天然药物功能蛋白质学科组（赖仞）知识库

鲍曼不动杆菌（Acinetobacter baumannii）是一种广泛存在于自然界和医院环境中的革兰氏阴性菌，抗逆性强、营养需求简单，在多种温度及不同酸碱性的条件下均能繁殖生长。该菌可在人体的皮肤、呼吸道、胃肠道以及泌尿系统等部位定植，继而引发肺炎、败血症、尿路感染、腹腔感染、皮肤软组织感染等相关疾病，其对免疫力低下人群感染性和致病性极强，已成为院内感染的重要条件性致病菌。近年来，随着抗生素在临床上的广泛使用，鲍曼不动杆菌耐药菌株的数量呈现爆炸式增长，加之该菌具有极强的获得性耐药和克隆性传播的能力，使得多重耐药、广泛耐药甚至全耐药的鲍曼不动杆菌呈现世界流行趋势。目前临床上针对该菌治疗的可选择药物十分有限，碳氢霉烯类药物耐药鲍曼不动杆菌位列世界卫生组织“新型抗生素研发重点病原体清单”中第一位。对此除了积极检测已有的药物尝试老药新用外，新型抗菌药物的研发已经迫在眉睫。抗菌肽是一类具有抗菌活性的多肽分子，由宿主基因编码，是宿主自身的免疫防御系统中重要的组成部分。天然抗菌肽通常序列较短，一般由10-40个氨基酸残基组成，在水环境中溶解性良好，在极端的温度条件下和强酸强碱环境中能较好的保持结构稳定性和抗菌活性，且具有杀菌作用快、不易产生耐药性的特点，在新型抗菌药物研发方面具有广阔的前景。 我们课题组前期在金环蛇蛇毒中发现了一个抗菌肽cathelicidin-BF，经过十余年的研究，该抗菌肽已获得国家1.1类新药临床批文（CXHL1700235）。在cathelicidin-BF基础上，我们设计改造了分子量更小，更安全，活性更好的抗菌肽，其中，抗菌肽ZY4表现出非常强的抗鲍曼不动杆菌活性。我们通过抑菌圈实验和MIC实验来检测，ZY4对鲍曼不动杆菌标准菌株及耐药菌株的最小抑菌浓度（MIC）为9.375μg/ml，证明多肽ZY4对鲍曼不动杆菌标准菌株及耐药菌株均具有出良好的抗菌活性。

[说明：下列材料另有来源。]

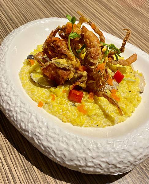 香酥軟殼蟹奶油明太子燉飯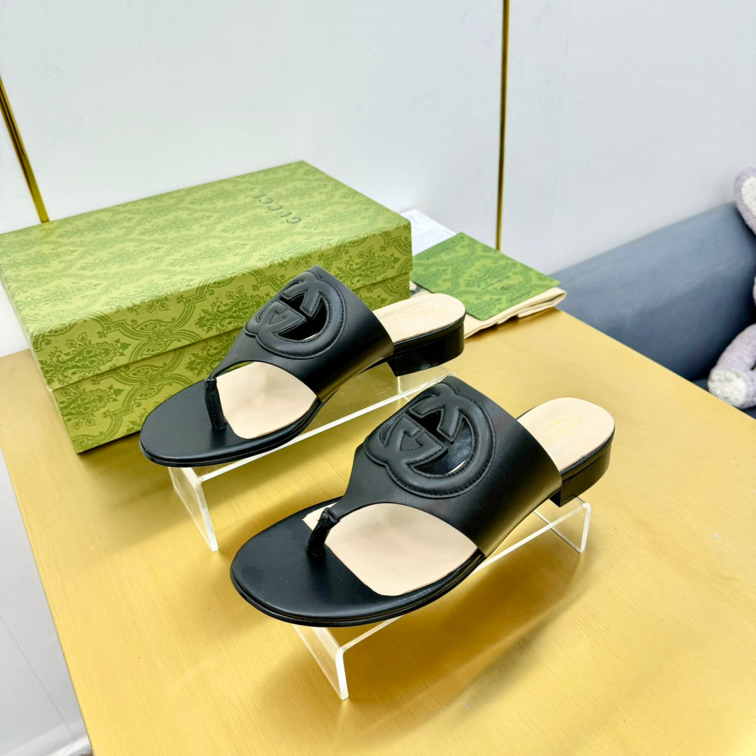 BLONDIE THONG SANDAL IN BLACK LAMBSKIN

能否成为临床治疗候选药物，其安全性和稳定性是极其重要的指标，因此我们用人的血红细胞检测了多肽ZY4的溶血活性以及用人胚肾细胞系HEK293T检测了多肽ZY4的细胞毒性，研究发现这条多肽无溶血活性及细胞毒性且与血浆在37℃共孵育10小时后仍保持良好的抗菌活性，以上结果为将来的药物开发奠定了良好的基础。在杀菌动力学实验中，我们发现多肽 ZY4的杀菌作用是迅速而且彻底的，在1× MIC（9.375μg/ml）浓度时，多肽 ZY4在10 min内就可表现出明显的杀菌作用，在5×MIC和10×MIC 浓度时, ZY4作用1min后就几乎无鲍曼不动杆菌生长，在3 h之内细菌的数量不会再次增加。为了进一步探究多肽ZY4的杀菌机制，我们用扫描电镜观察与多肽ZY4共孵育后鲍曼不动杆菌的形态学变化，发现经过多肽ZY4处理的菌体表面出现了凹陷，推测是由于多肽ZY4作用于菌体表面，造成凹陷和孔洞导致细菌内容物外泄而死亡。 多肽ZY4不仅在体外对鲍曼不动杆菌呈现出良好的抗菌活性，在体内也同样发挥了强劲的杀菌作用。在构建的鲍曼不动杆菌感染的小鼠败血症模型中，我们通过腹腔注射的方式对小鼠进行ZY4的单药治疗以及与多粘菌素E的联合治疗，结果表明多肽ZY4单药治疗以及与多粘菌素E联用治疗均能很好的控制小鼠血液、肺组织、肝组织、脾组织的载菌量以及血浆中炎症因子的水平，病理切片的结果同样显示多肽ZY4的单药治疗和联合治疗可以使得组织病变症状明显改善，且联合用药治疗效果优于单药治疗。 通过上述实验结果我们可以得到结论：多肽ZY4在体内外对鲍曼不动杆菌均具表现出显著的抗菌活性且杀菌作用迅速彻底，同时其具有良好的安全性和稳定性，与多粘菌素E联用治疗后具有协调效应，有望开发成为临床治疗鲍曼不动杆菌感染的候选药物。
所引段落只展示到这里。